Dr. Alan Bowling (In Attached Photo), a University of Texas at Arlington assistant professor of mechanical and aerospace engineering, has proven that the effect of mass is important, can be measured, and has a significant impact on any calculations and measurements at the sub-micrometer scale. Dr. Bowling’s findings facilitate better understanding of the movement of nano-sized objects in fluid environments that can be characterized by a low Reynolds number, which often occurs in biological systems. The unconventional results are consistent with Newton’s Second Law of Motion, a well-established law of physics, and imply that mass should be included in the dynamic model of these nano-systems. The most widely accepted models omit mass at that scale.



UTA assistant physics professor Samarendra Mohanty, and doctoral students Mahdi Haghshenas-Jaryani, Bryan Black, and Sarvenaz Ghaffari, as well as graduate student James Drake collaborated with Dr. Bowling to make the discovery.

A UT release notes that a key advantage of the new model discovered by the UTA research team is that it can be used to build computer simulations of nano-sized objects that have drastically reduced run times as compared to a conventional model based on Newton’s second law. These conventional models have run times of days, weeks, months and years while the new model requires only seconds or minutes to run. In the past, researchers attempted to address the long run time by omitting the mass terms in the model. This resulted in faster run times but, paradoxically, violated Newton’s second law upon which the conventional model was based. The remedy for this paradox was to argue that mass was unimportant at the nano-scale. However, the new model retains mass, and predicts unexpected motion of nano-sized objects in a fluid that has been experimentally observed. The new model also runs much faster than both the conventional and massless models.

It is expected that this new model will significantly accelerate research involving small-scale phenomena.
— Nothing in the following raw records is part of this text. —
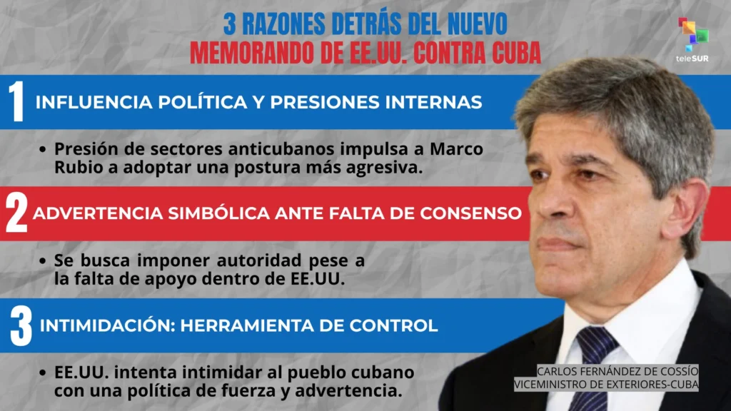 El viceministro de Relaciones Exteriores de Cuba (Cubaminrex), Carlos Fernández de Cossío, explicó este miércoles todo lo concerniente al recientemente anunciado Memorando de Estados Unidos (EE.UU.) contra el Gobierno y pueblo cubano que, de acuerdo con el diplomático, tiene detrás la influencia del secretario de Estado de EE.UU., Marco Rubio, y los sectores anticubanos.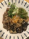 なすに火が通ったら、豚コマ切れ肉(②)と共にB ニラ(ザク切り) 2〜3本、にんにく、生姜(みじん切り) 各1片、醤油、酢、砂糖 各大さじ1と1/2、白いりゴマ 大さじ1 が入ったボウルに入れ、よく混ぜ合わせたら、できあがり〜(^ε^)♪ |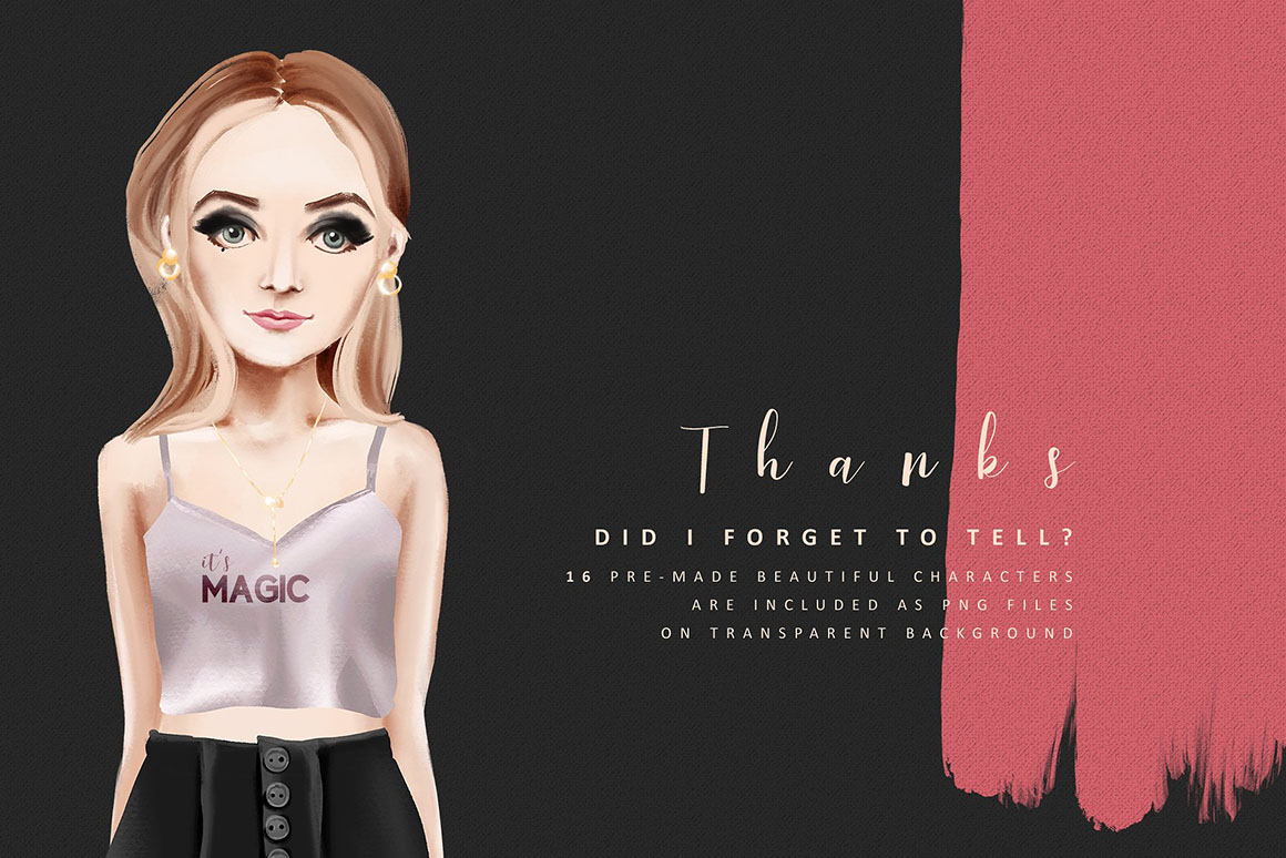 - 13 pre-made ready to use portraits (transparent PNG)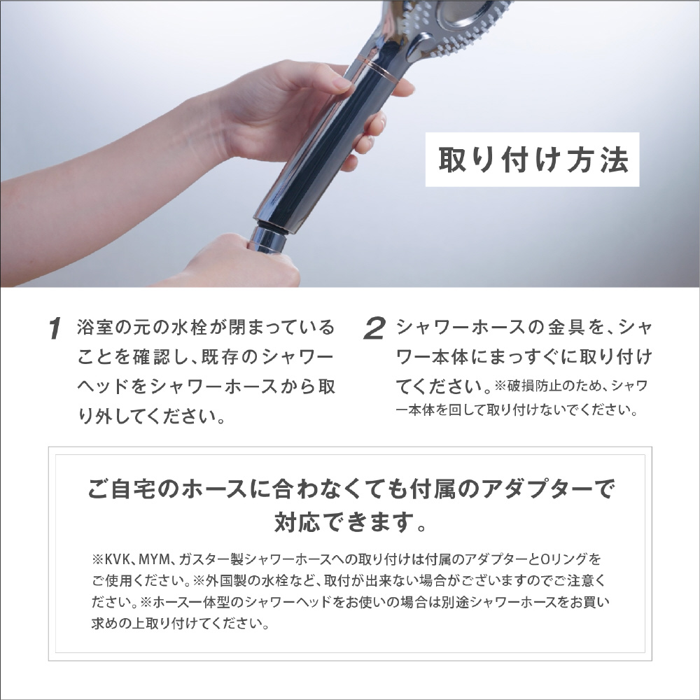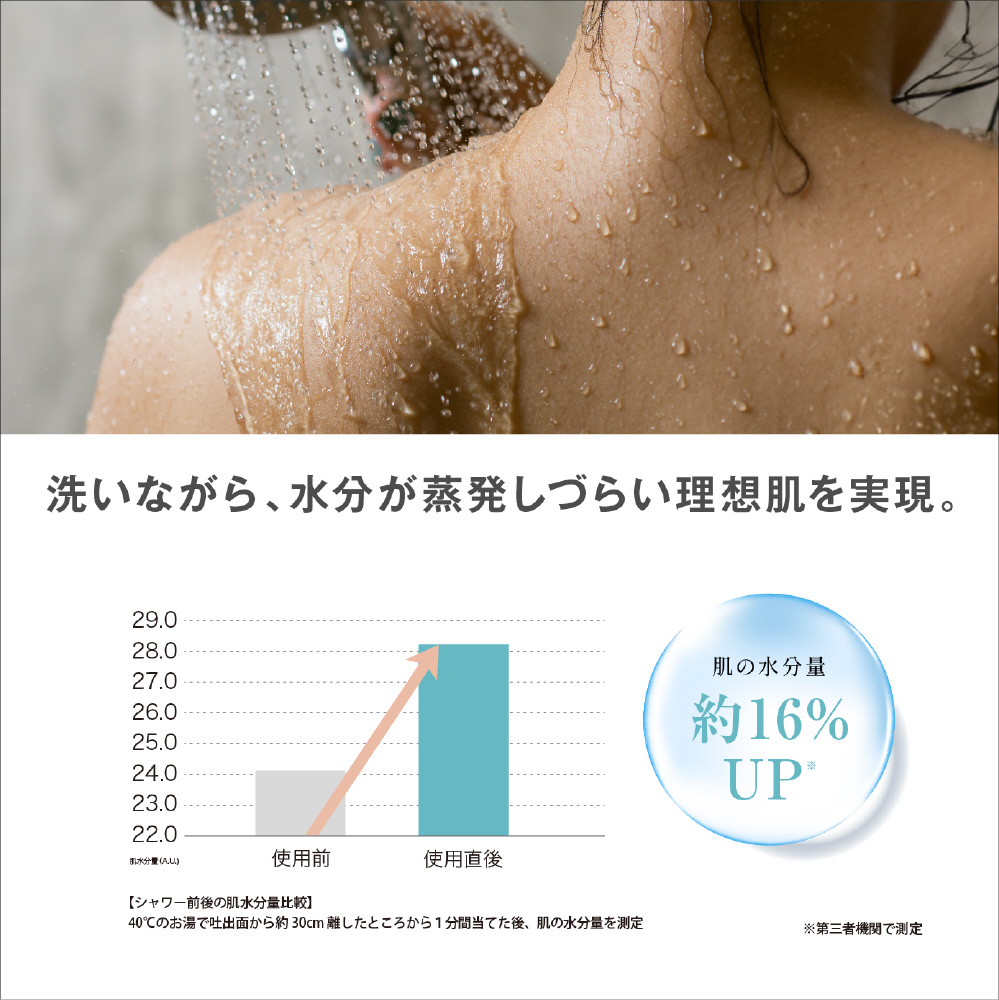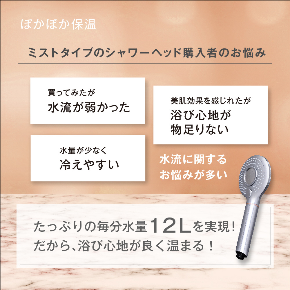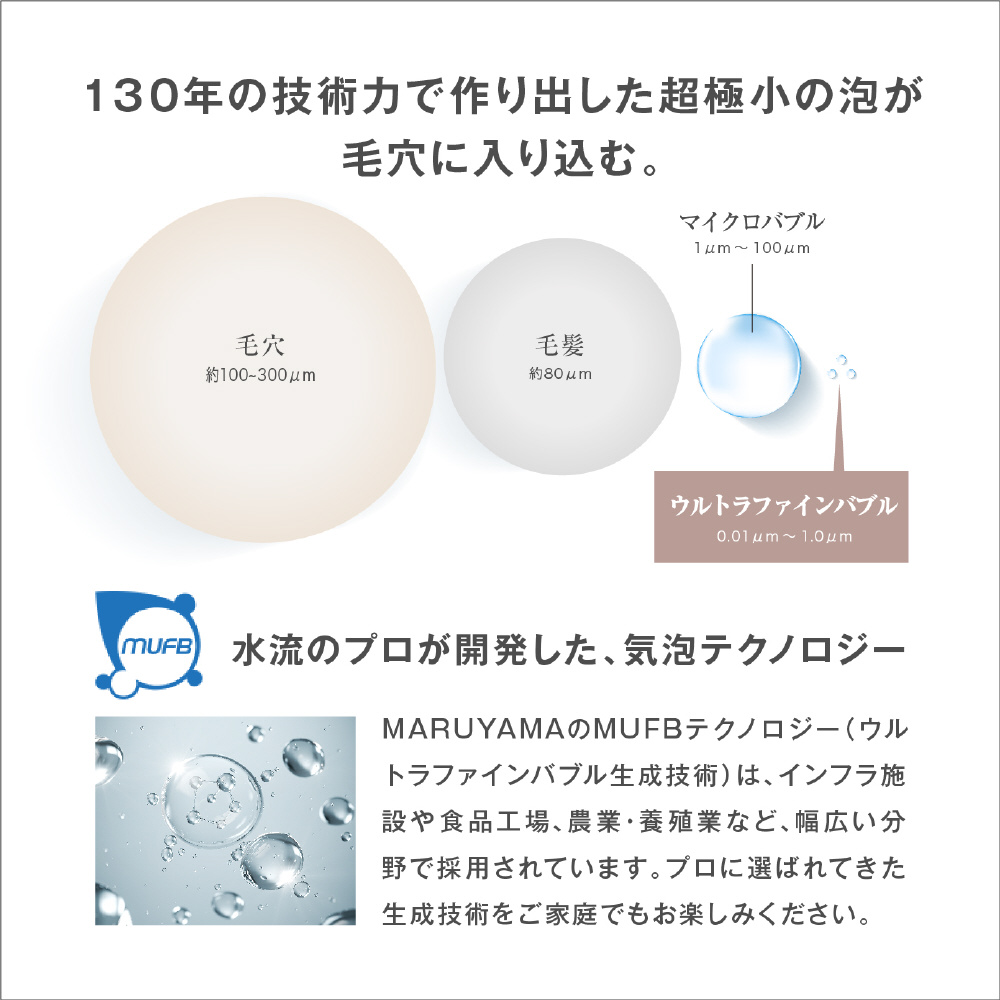 ミストではない、たっぷりの水流のウルトラファインバブルシャワー。

Research areas Dr. Bowling and his collaborators at UT Arlington are currently investigating include cell migration, protein function, bionic medical devices and nanoparticle suspensions for storing thermal energy. However, the applications for the computer simulation in medicine, biology, and other fields are endless. The UTA research is detailed in a paper entitled: “Dynamics of Microscopic Objects in Optical Tweezers: Experimental Determination of Underdamped Regime and Numerical Simulation using Multiscale Analysis” (Nonlinear Dynamics DOI10.1007/s11071-013-1185-0), published online by the Journal of Non-Linear Dynamics. The paper, which is scheduled for publication in the journal’s print version later this year, presents new experimental observations and numerical simulations to investigate the dynamic behavior of micro–nano-sized objects under the influence of optical tweezers (OTs). OTs are scientific tools that can apply forces and moments to small particles using a focused laser beam. The motions of three polystyrene microspheres of different diameters, 1,950, 990, and 500 nm, are examined.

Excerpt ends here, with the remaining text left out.